Three days were planned without scientific experiments (two for Aouda.X, one for Aouda.S). Those days were reserved mainly for photo shoots; as a result, the donning time dominates the activities (red and green bars). Apart from one exception, no dedicated meal breaks were planned—previous missions showed that the astronauts usually eat before and after the EVAs and take their breaks to rest when needed.

The mean experiment fraction was 32% for Aouda.X and for Aouda.S. We note a slight increase of experiment fraction for the Aouda.X EVAs over the duration of the mission (see Fig. 5a). No such trend is apparent for Aouda.S. The mean value of the planned experiment time comprised 59% and 53% of the total time for Aouda.X and Aouda.S, respectively.

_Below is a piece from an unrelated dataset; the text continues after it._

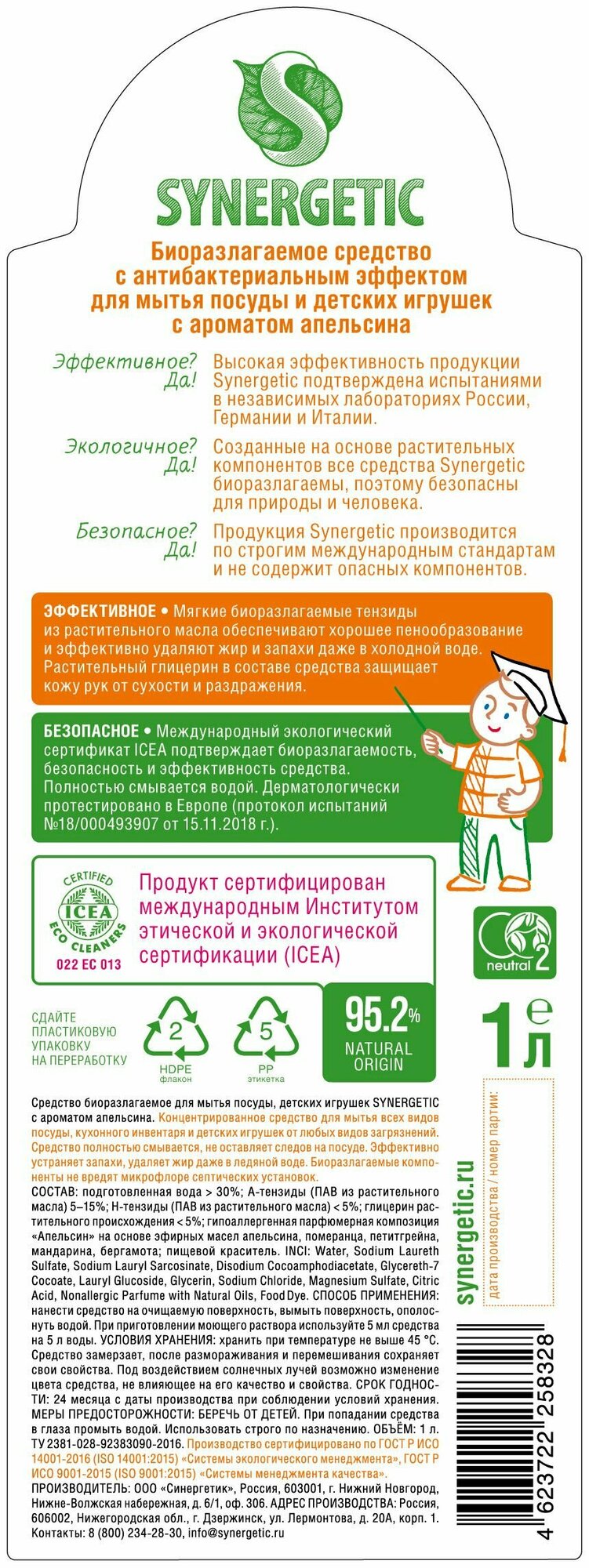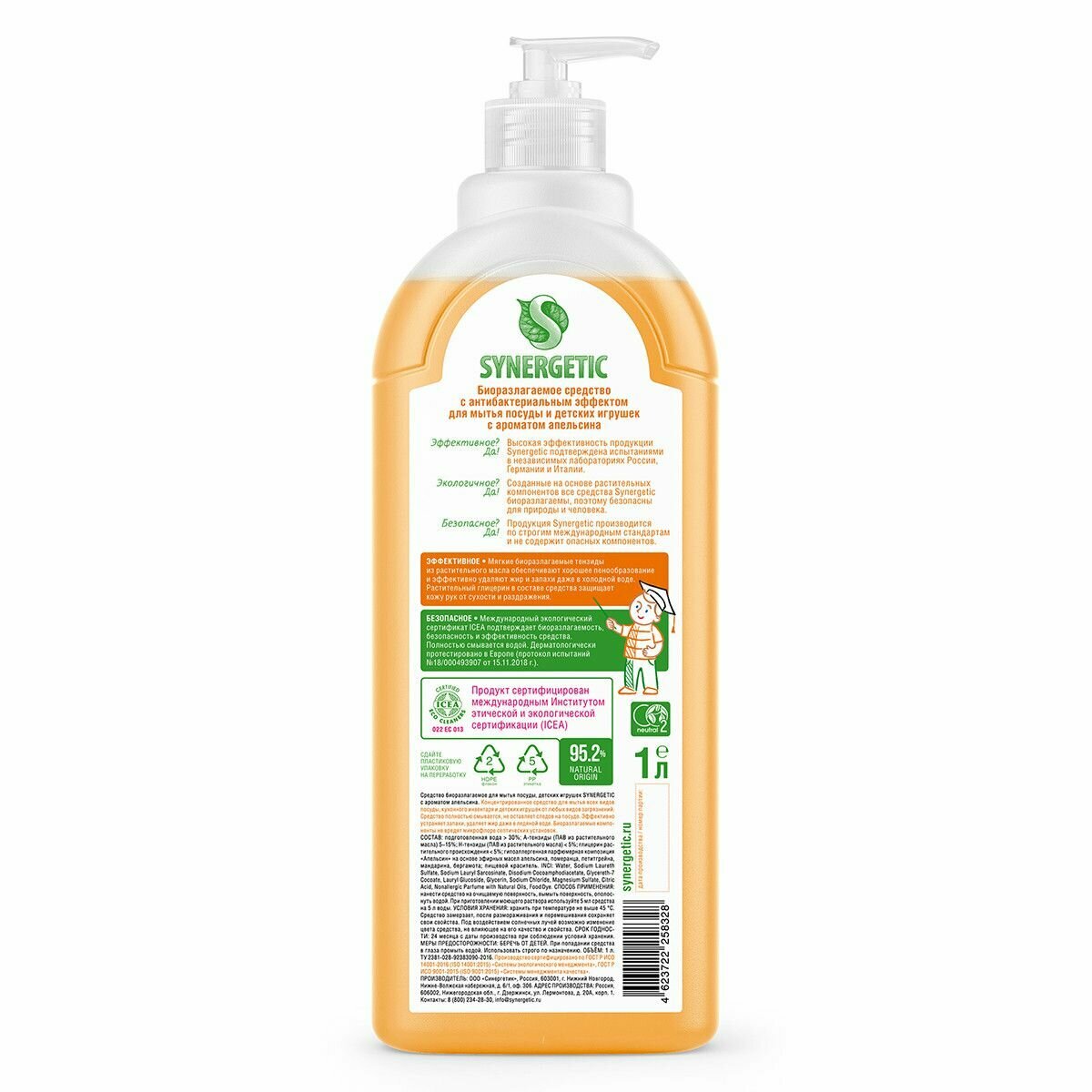 Гель для мытья посуды Synergetic Апельсин, биоразлагаемый 1л 4623722258328

A larger fraction of gaps in the executed activities compared to the planned activities suggests that large amounts of time were spent on activities that were not properly logged or reported. On the last day of the mission, February 28, no EVAs took place, although Aouda.X was planned for a short half-day EVA. On other days, EVAs had been cancelled due to crew health, repairs, or infrastructural inconveniences, for example, due to the excursion to Station Payer.

Note the following special case: on February 23 a sandstorm led to all activities being aborted, which resulted in 100% of the Aouda.S EVA time being marked as gaps; Aouda.X only shows donning and gaps.

In Fig. 6, the time use for both space suit simulators and the full amount of EVAs is added up and compared with the planned distribution. In total, 301.5 h of activities were planned, of which 190.73 h were executed. The comparison of the distribution between planned (outer ring) and executed (inner ring) reveals that more than half the total time (54%) was originally planned for scientific experiments, whereas it made up less than a third (32%) of the executed activities. The donning fraction in both distributions is comparable, but for the executed activities the gaps rise to almost 19% of the total. The divergence between planned and executed activities leaves room for improvement of the planning strategy to achieve higher scientific mission outcome. The reasons for this divergence and how to overcome it should be subject to further studies.

FIG. 6.

Distribution of suited activities during MARS2013 planned (outside) versus executed (inside). (Color graphics available online at www.liebertonline.com/ast)

5.3. Duration per activity

To determine the efficiency of the MARS2013 planning strategy, it is necessary to consider both the number of achieved science goals and their duration. We can then evaluate the time evolution per science goal and compare the executed to the planned duration. The planning strategy efficiency increases if the difference in time per run/sample (TPR) between theoretical (planned) and practical (executed) decreases. For a mission that also consists of experiments that have never before been tested in the field, the duration estimated prior to the mission, which served as the primary planning input, and the actual duration for the conduction of this experiment can differ greatly. Additionally, the duration might vary throughout the mission since the astronauts will become familiarized with procedures and hardware, thus decreasing the TPR. To perform efficient activity planning, it is therefore essential during the mission to adapt the scheduled times for activities in future DAPs to follow the trend of their duration. This ensures that EVA time will be used with optimum efficiency. For MARS2013, this was not yet fully implemented due to limited resources; in most cases, a detailed assessment of experiment durations was only available toward the end of the mission. The adaptations of the planned TPR during the mission were therefore mostly based on updated estimates of the field crew (see Section 2.2).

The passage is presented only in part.